Император посмотрел на меня с сожалением.
– Вы не представляете, что это такое. Какое это не сравнимое ни с чем на свете чувство, когда вы на рассвете нетерпеливо вскакиваете на коня. Вокруг вас – несметные толпы, сотни тысяч вооруженных, сильных, храбрых, талантливых молодых мужчин, которые смотрят на тебя как на божество ясными преданными глазами и готовы умереть в любую секунду по твоей команде… Нет, ни одна штатская крыса даже не может этого себе представить… Я прожил сотни жизней…
– В таком случае, если вы не хотите каяться, мне стоит уйти. Но я могу и остаться, выслушать ваш рассказ. Например, о том, за что вы обидели отца всех католиков, доброго понтифика Пия, одного из самых достойных пап за последние века.
– Мне самому он был симпатичен. Казался человеком искренним, верующим, хотя и немного наивным для своего высокого положения. В то время я достиг вершины своего могущества, был всенародно любимым повелителем не только Франции, но и значительной части Италии. Мои солдаты легко могли взять Рим, Ватикан и всю Папскую область. Но я решил поступить иначе. Обещал папе оставить его владения, но потребовал взамен большое количество известных картин и прочих драгоценностей из его запасников. Золото я продал на нужды армии, а полотна выставил в Лувре. Также я попросил еще об одной безделице. Короновать меня и мою первую супругу Жозефину как императора и императрицу Франции. Он не посмел отказать. Во время коронации, правда, произошел забавный эпизод. Папа так долго что-то бубнил на латыни, что я не выдержал, выхватил из его рук корону и надел ее себе на голову сам, повергнув его и всех присутствовавших в изумление. Я не умею ждать долго. Время – это главная драгоценность. Оно не возвращается.

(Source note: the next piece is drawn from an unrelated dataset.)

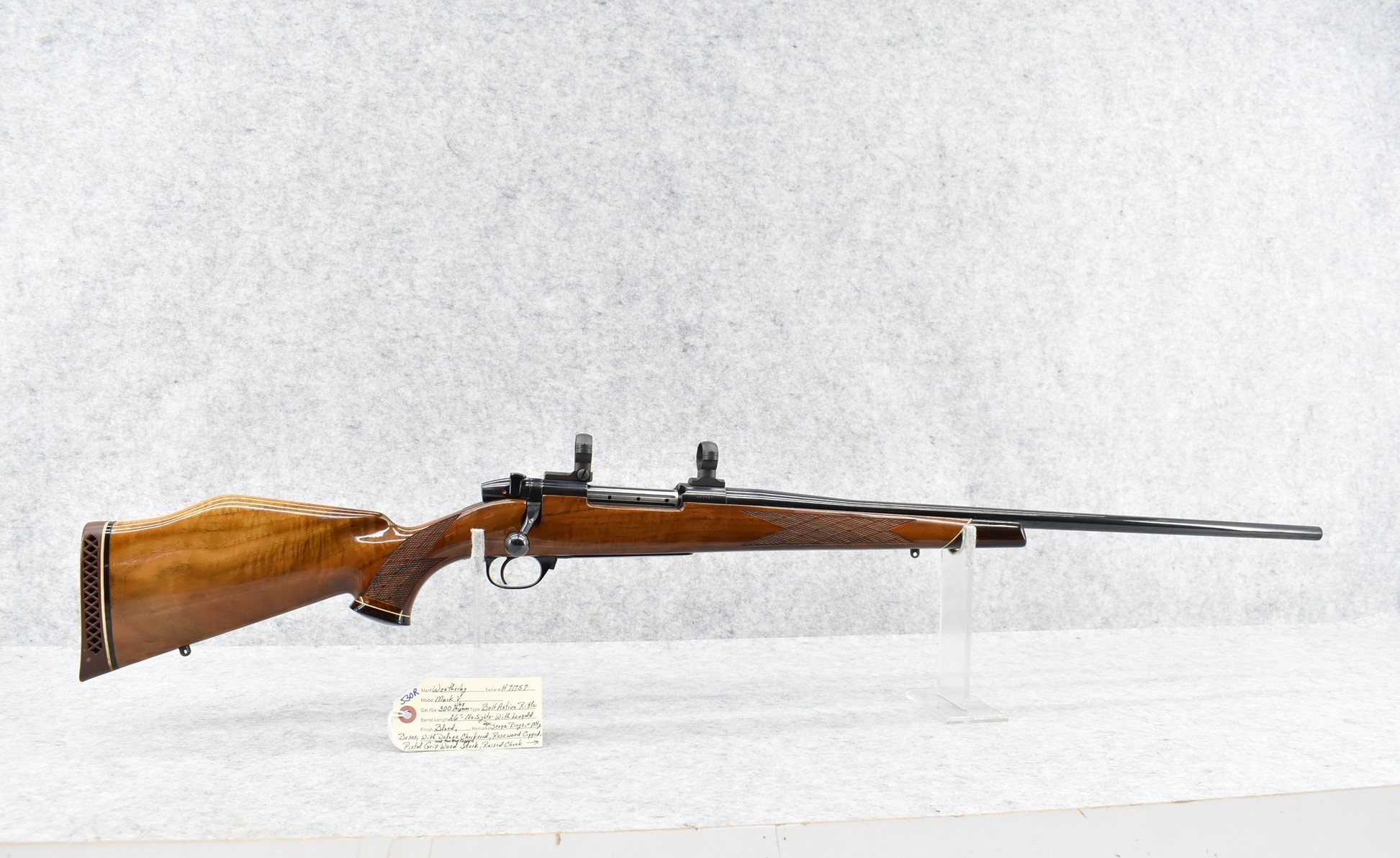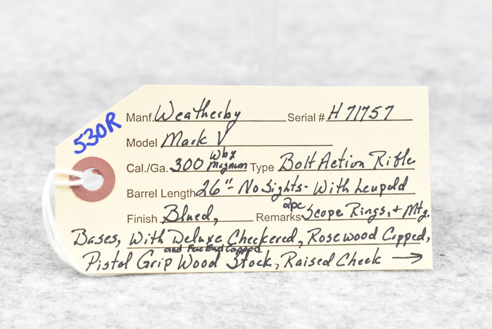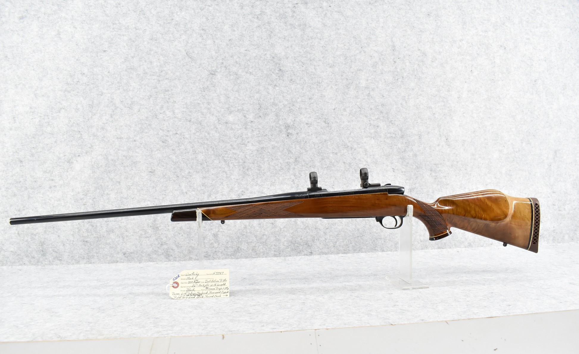 530R. Weatherby – Mod. Mark V – 300 Wby. Mag. Cal. Bolt Action Rifle – w/26” Barrel – Blued Finish – w/Deluxe Checkered Rosewood Capped Pistol Grip & Forend Capped Wood Stock w/Raised Cheek Piece w/Factory Butt Pad – w/Leupold 2pc. Scope Rings & Mounting Bases

– Вы постоянно говорите о Франции. Но ведь вы родились на острове Корсика, в вас течет итальянская кровь. И даже говорите вы до сих пор, спустя годы, с сильным итальянским акцентом.
– Это правда. И в то же самое время я француз до самого мозга костей. Франция дала мне все. А я дал ей еще больше.
– Позвольте усомниться в этом утверждении. Целое поколение молодых французов полегло в ваших войнах, оказавшихся в итоге бесплодными, никому не нужными.
– Вы не понимаете, о чем говорите. Это была великая эпоха. Она создала всю нынешнюю Европу.
Наполеон впервые с начала разговора присел в одно из золоченных кресел.
– Вы не поверите, сколько раз самым невероятным образом судьба, рок, хранили меня в сражениях. Соратники вокруг меня падали замертво один за другим. Несколько коней подо мной были разорваны на части. Ядра и пули сотнями проносились мимо, едва не приглаживая мои волосы. А я отделался за все эти годы несколькими царапинами. В это невозможно поверить, если только не предположить, что само Провидение все эти годы вело меня к некоей великой цели.
– Даже если допустить, что вас хранило Провидение, было ли оно Богом или дьяволом – вот вопрос. Вы помните ваше детство? Вы и тогда были неуемным и невероятно амбициозным юношей?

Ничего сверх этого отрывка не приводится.